-- Opening Marker --

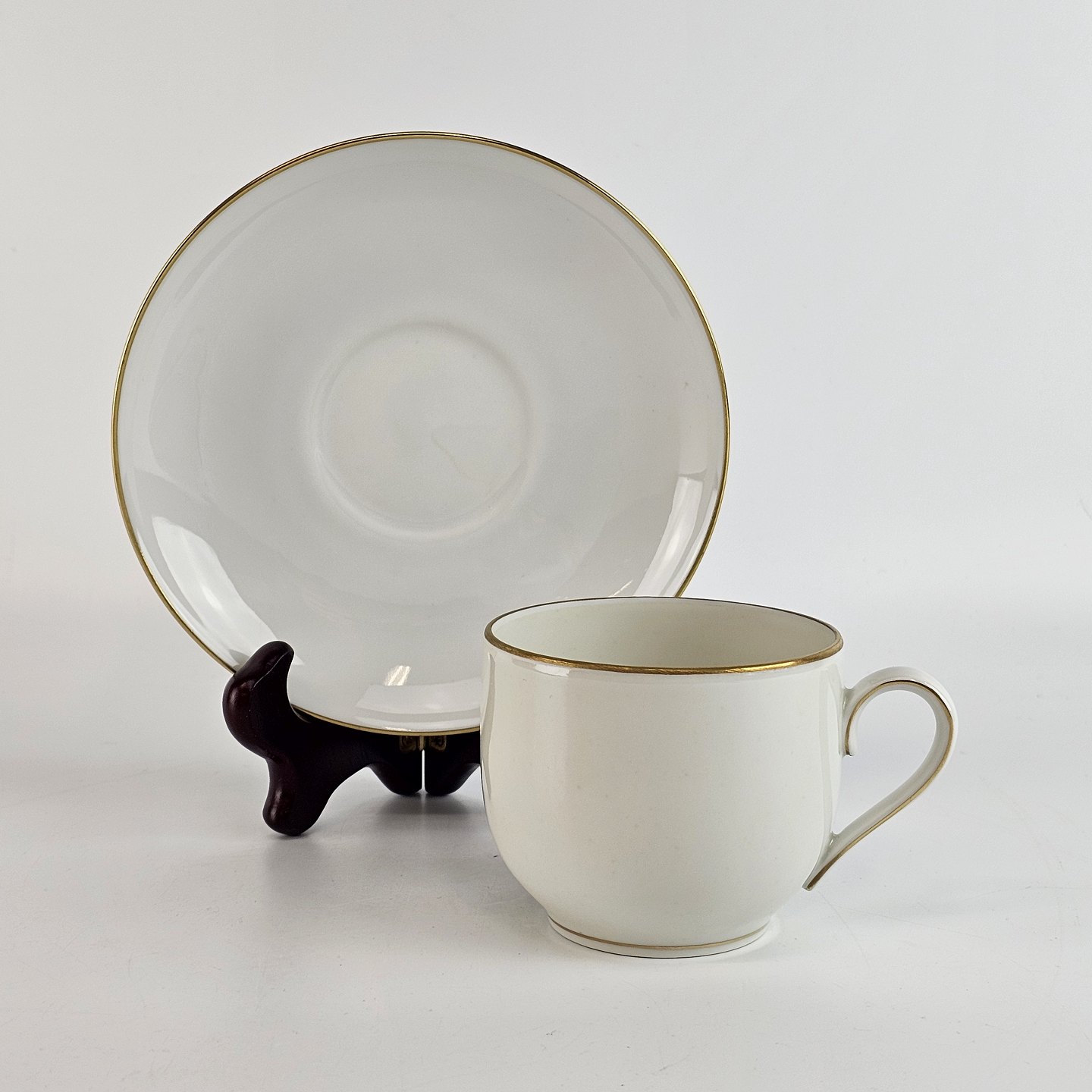 Aarestrup serien er af hvidt porcelæn dekoreret med kanter af guld. Brugsspor kan forekomme
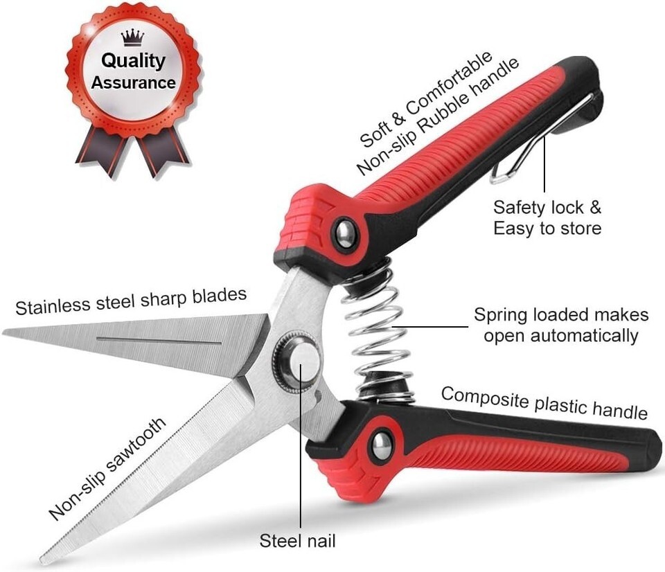 Make Precise Cuts: Long straight blades navigate tight spaces effortlessly, perfect for pruning dead flowers, shrubs, and harvesting fruits.
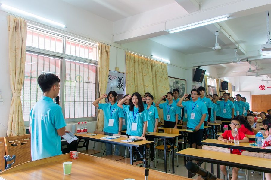 会议伊始,罗坑小学董事长林潮剑发言,欢迎队员们到来的同时也感谢队员们的辛勤付出,希望同学们能够向队员们学习,也希望同学们能够珍惜这次学习的机会,同学之间也要相互关心,互相学习;此外,董事长还着重强调了员工的人身安全,要求员工要遵守公司的规章制度,听从指挥,服从安排。随后,陈书记对于服务队队员的到来表示欢迎,希望同学们拥有一个充实的暑假,给自己留下一个美好的回忆,也预祝此次三下乡暑期社会实践活动圆满成功。接着罗坑小学陈均宝主任表示员工能够拥有这次互相学习的机会,希望大家能够认真学习,学有所成,度过一次安全、开心的暑期夏令营活动。然后是此次“e启逐梦”三下乡服务队指导老师郑开勋老师给服务队队员提出了相关要求,希望大家遵守制度,圆满顺利开展此次三下乡社会实践活动。最后,“e启逐梦”三下乡服务队队员进行了宣誓仪式。伴随着队员们铿锵有力、激情昂扬的誓词,此次开班仪式也落下了帷幕。
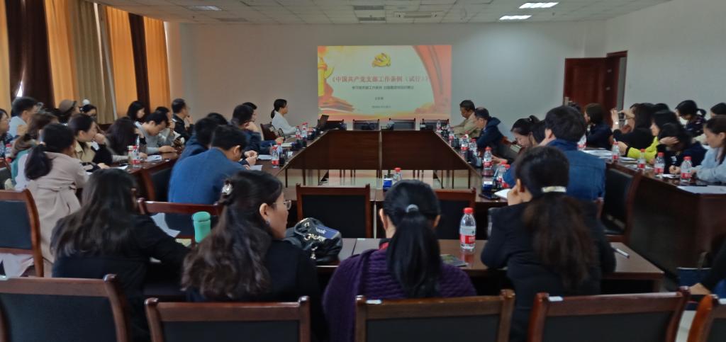 医学院党委书记文红艳带领大家学习了新的《中国共产党支部工作条例(试行)》,介绍了党支部工作条例出台的背景及意义,条例指明了基层党支部的奋斗方向,基层党支部需要能够引导并动员基层群众,积极推动改革发展,为“中国梦”的实现助力。接着对条例进行全文逐章重点解读,重点强调了支部“三会一课”制度,指出各支部要按照《条例》规范支部工作,发挥支部战斗堡垒作用。
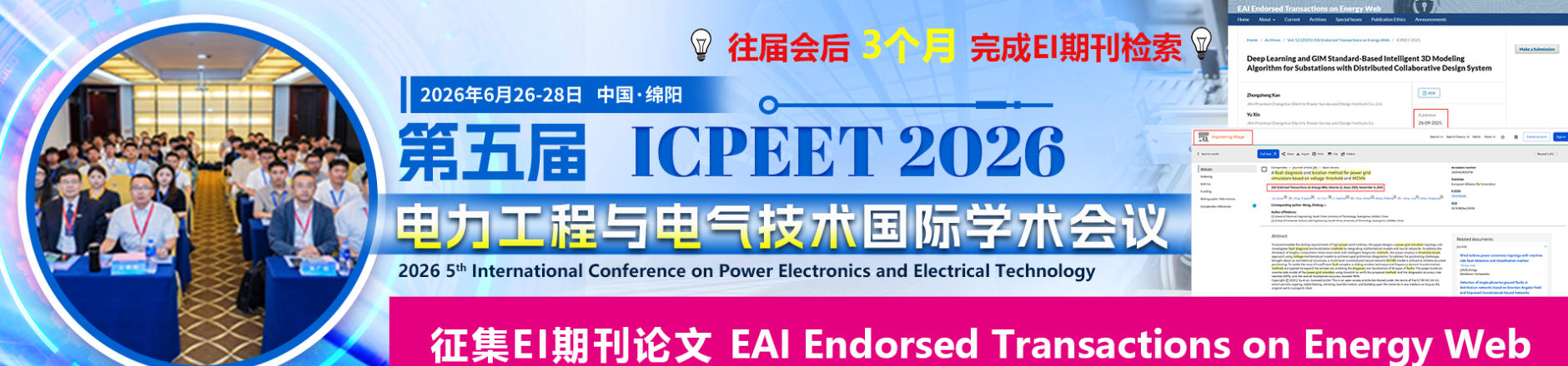 第五届电力工程与电气技术国际学术会议(ICPEET 2026)将于2026年6月26-28日在中国绵阳市举行。会议主要围绕“电力工程”与“电气技术”等研究领域展开讨论,旨在为“电力工程”与“电气技术”方面的专家学者、技术研发人员及企业发展人士提供一个共享科研成果和前沿技术,了解学术发展趋势,拓宽研究思路,加强学术研究和探讨,促进学术成果产业化合作的平台。大会诚邀国内外高校、科研机构专家、学者,企业界人士及其他相关人员参会交流。
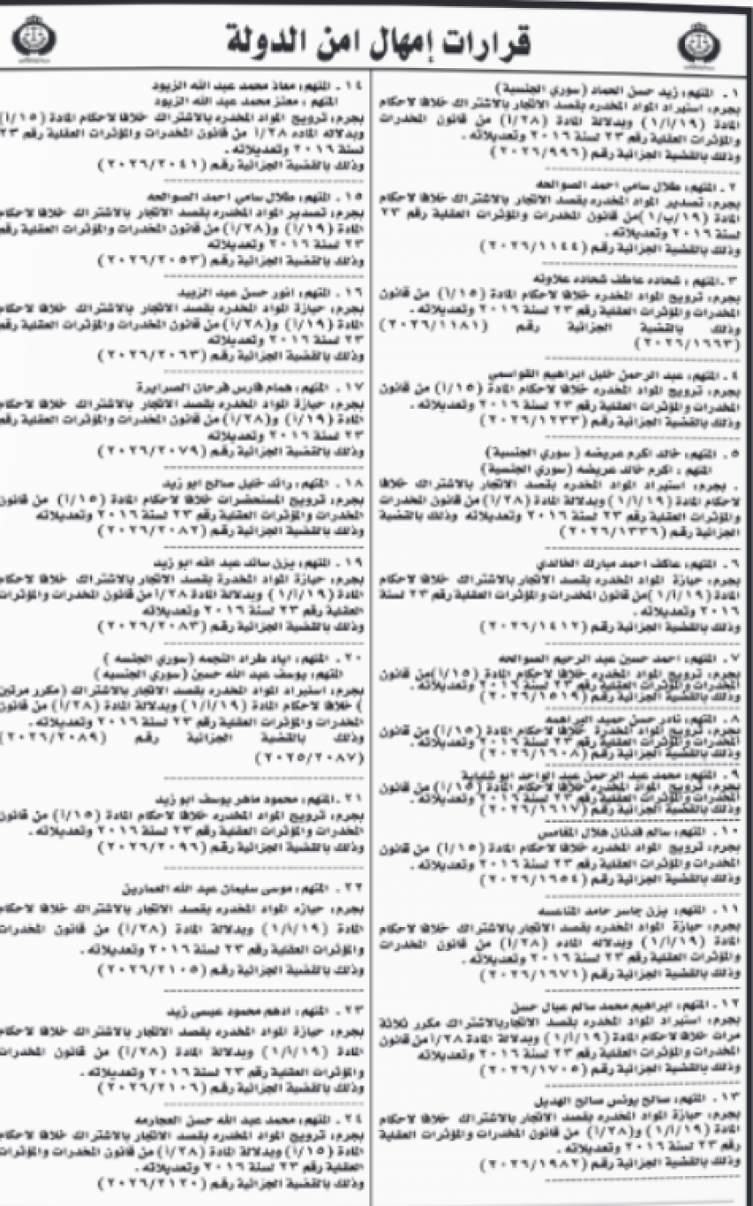 القلعة نيوز: أعلنت محكمة أمن الدولة، اليوم الأربعاء، عن منح عدد من المتهمين مهلة قدرها 10 أيام لتسليم أنفسهم.
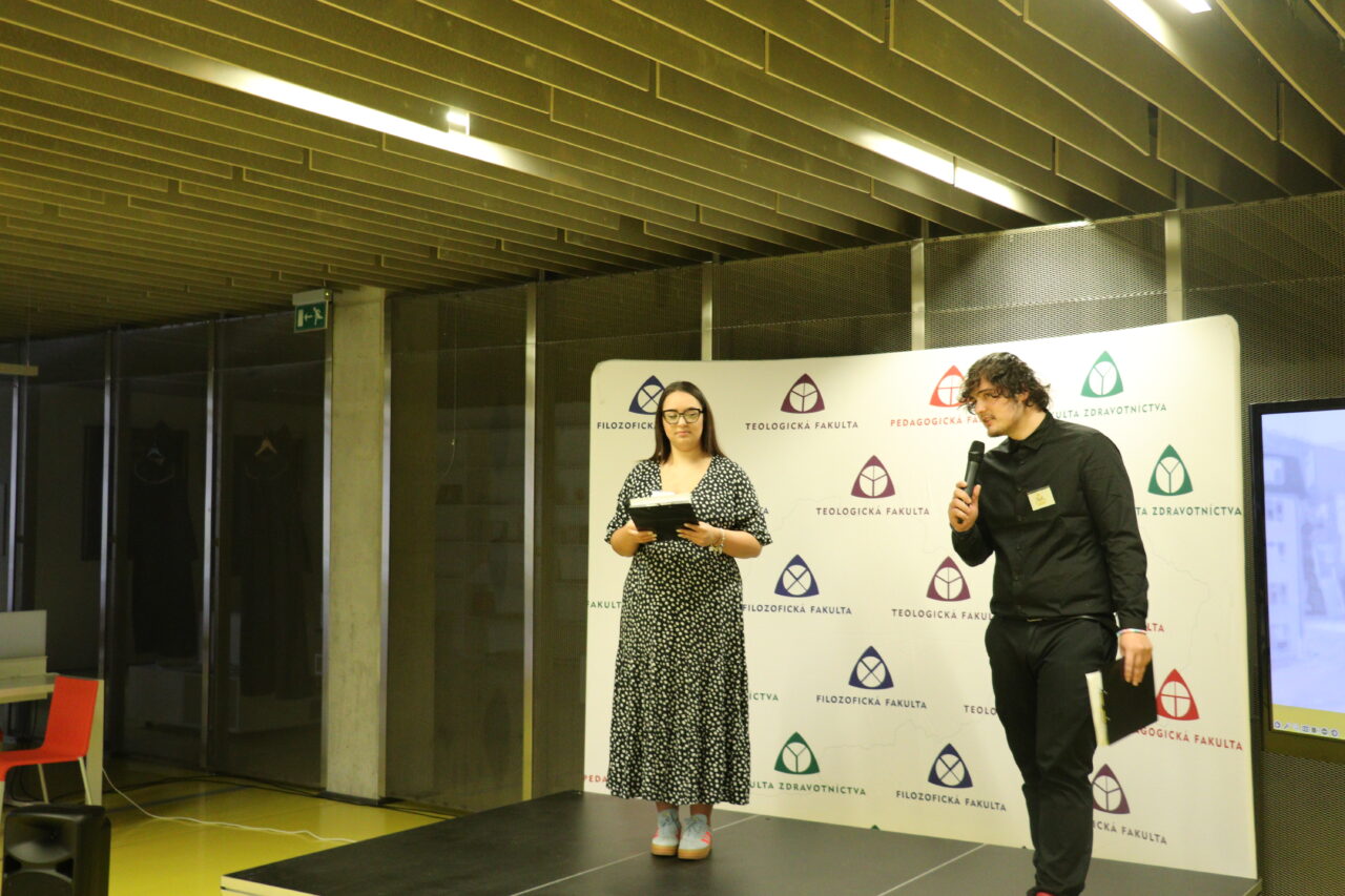 Na prízemí Univerzitnej knižnicu, ktoré ovládla predovšetkým omladina zo stredných škôl a praskalo doslova vo švíkoch, moderátorskú taktovku si do svojich rúk zobrali samotní študenti, z Filozofickej fakulty, budúci žurnalisti Alexandra Kavčiariková a Jozef Puk.
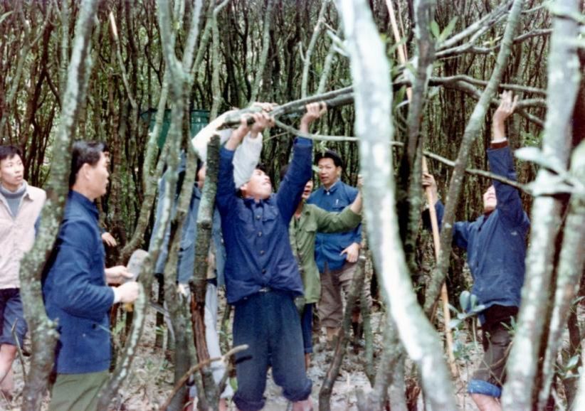 图1 林鹏(后排戴帽者)和连玉武(左二)带队在福建九龙江口红树林区进行“挖地三尺”的生物量研究(载于:袁东星,李炎,洪华生.《春潺入海—厦门大学环境科学的成长》.厦门大学出版社,2023版,第251页)
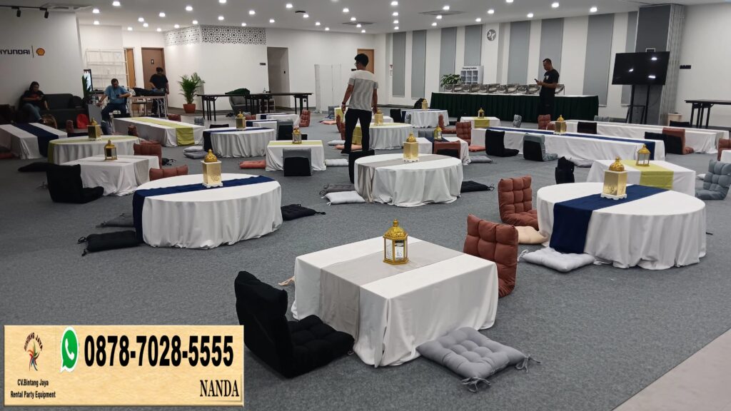 Sewa sofa lesehan plus meja lesehan kotak lengkap cover area Jakarta. Kami menyediakan berbagai pilihan sofa lesehan dan meja lesehan kotak yang dapat disesuaikan dengan tema acara anda. Dari warna yang cerah hingga desain yang elegan, anda bisa memilih sesuai dengan selera dan kebutuhan. Semua perlengkapan kami terbuat dari bahan berkualitas tinggi, sehingga awet dan nyaman digunakan.
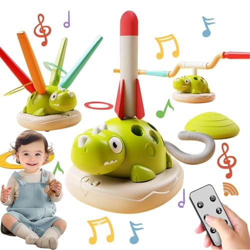 3-in-1 Dinosaur Rocket Launcher, Ring Toss Game, and Musical Jumping Toy; Spinning Dinosaur Jumping Toy with Remote Control, Suitable for Boys and Girls
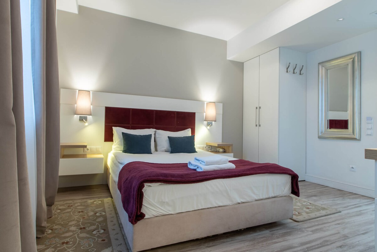 Le logement est confortable et moderne. L'appartement dispose d'une chambre séparée avec armoire, et d'un salon avec une télévision et une table avec 4 chaises. Le coin est inclinable et sert de zone de couchage supplémentaire. Une table et des chaises confortables peuvent servir de salle à manger ou d'espace de travail. La cuisine dispose d'un lave-vaisselle, d'un réfrigérateur, d'une cuisine à gaz et d'une bouilloire électrique. La salle de bain dispose d'une baignoire qui peut servir de douche. Idéal pour les voyages en famille et d'affaires. L'appartement dispose d'un lave-linge et d'un aspirateur.

-- Closing Marker --

> _Problem requirements_
Exactly the lines from the top of the entries through the line with "Make Precise Cuts: Long", inclusive, must be given again, with every picture omitted.

> _Exercise result_
 Aarestrup serien er af hvidt porcelæn dekoreret med kanter af guld. Brugsspor kan forekomme
 Make Precise Cuts: Long straight blades navigate tight spaces effortlessly, perfect for pruning dead flowers, shrubs, and harvesting fruits.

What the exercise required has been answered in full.